The Special Chamber considers it appropriate, in order to preserve the rights of Côte d’Ivoire, to order Ghana to take all the necessary steps to ensure that no new drilling either by Ghana or under its control takes place in the disputed area.
Pursuant to article 95, paragraph 1, of the Rules, the Special Chamber requests each Party to submit a report and information on compliance with the provisional measures prescribed not later than 25 May 2015,” the order affirmed.
Ghana and its partners would have lost $4.7 billion from April 25, 2015 till 2018, when the matter would be settled, if the tribunal had ordered for a suspension of oil exploration activities.
Additional orders
The tribunal further ordered “Ghana shall take all necessary steps to ensure that no new drilling either by Ghana or under its control takes place in the disputed area as defined in paragraph 60;
Ghana shall take all necessary steps to prevent information resulting from past, ongoing or future exploration activities conducted by Ghana, or with its authorization, in the disputed area that is not already in the public domain from being used in any way whatsoever to the detriment of Côte d’Ivoire;
Ghana shall carry out strict and continuous monitoring of all activities undertaken by Ghana or with its authorization in the disputed area with a view to ensuring the prevention of serious harm to the marine environment;The Parties shall take all necessary steps to prevent serious harm to the marine environment, including the continental shelf and its superjacent waters, in the disputed area and shall cooperate to that end;
The Parties shall pursue cooperation and refrain from any unilateral action that might lead to aggravating the dispute.”Both countries are expected to submit to the Special Chamber, the initial report referred on the compliance of the tribunal’s order not later than May 25, 2015.On the issue of cost, the tribunal “unanimously 
decided that each Party shall bear its own costs.”
Judge Boualem Bouguetaia, presided with Judges Rudiger Wolfrum; Jin-Hyun Paik; Thomas Mensah and Ronny Abraham as the panel members. Judges Mensah and Abraham were appointed by Ghana and Cote d’Ivoire respectively, in accordance with the rules of the ITLOS.
Judge Mensah’s Opinion
I have some doubts about the claim of Cȏte d’Ivoire to the maritime areas in dispute. In particular, I do not think that this claim has serious prospects of success on the merits. However, I agree with the finding of the Chamber that the claim is plausible.
This is because I accept that the test of “plausibility” is the only test that is applicable at this stage of the proceedings when the Special Chamber is not dealing with the merits of the case.

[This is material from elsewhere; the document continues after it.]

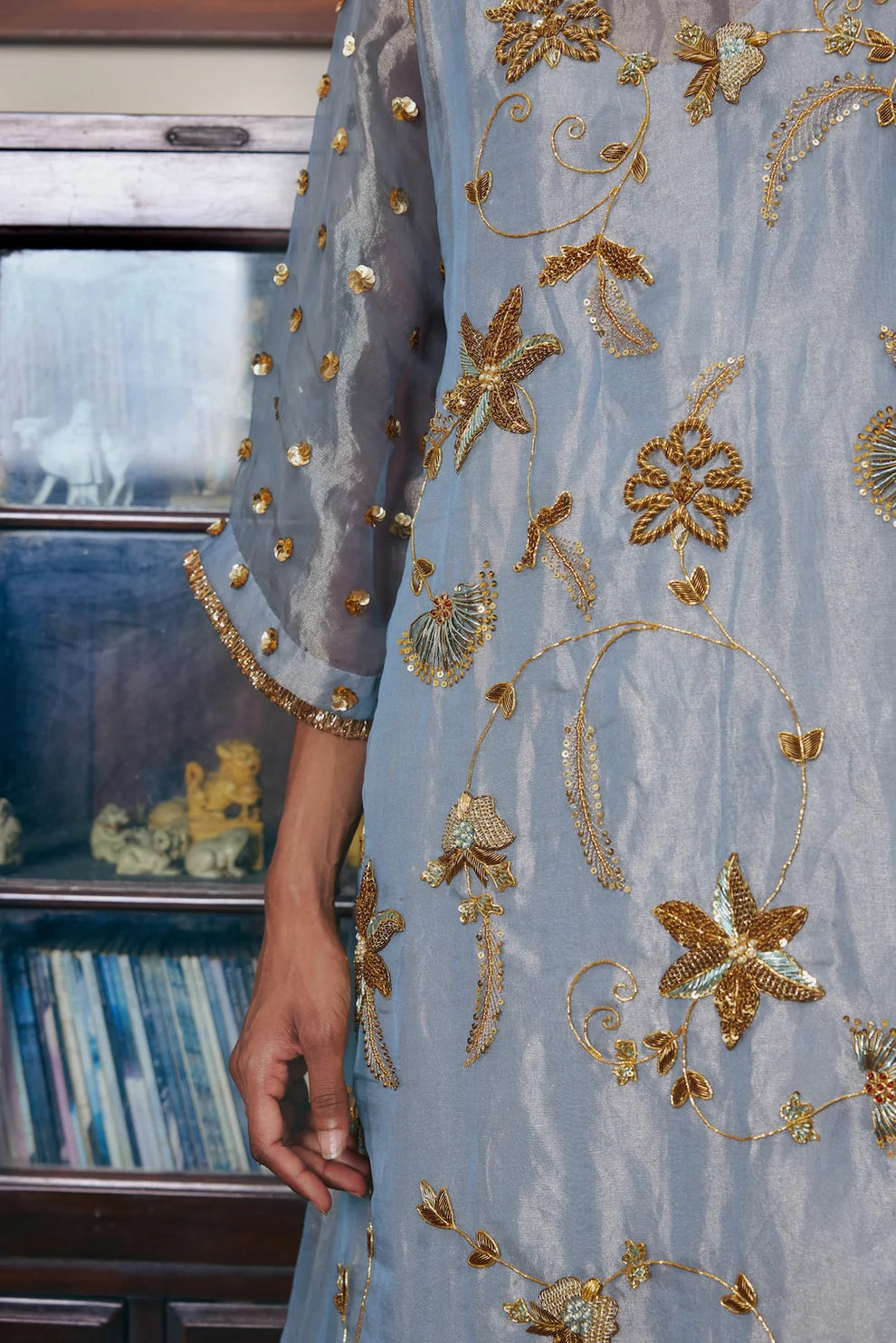 Ice blue silk tissue choga with zardosi work, paired with embroidered matching dupatta and mustard tissue stripe salwar(without lining).

I also agree with the finding that, if the Special Chamber finds that any part of the disputed area pertains to Cote d’Ivoire,the activities being undertaken by Ghana in the area would pose a risk of prejudice to the rights that Cȏte d’Ivoire claims and the risk is imminent.
Consequently, I agree that the ordering of some provisional measures to protect the rights which Cȏte d’Ivoire claims in the area is appropriate in the circumstances of the case.
However, I do not think that the first provisional measure requested by Cote d’Ivoire should be granted.
Cȏte d’Ivoire requests the Chamber to order Ghana “to take all steps to “suspend all ongoing oil exploration and exploitation operations in the disputed area”.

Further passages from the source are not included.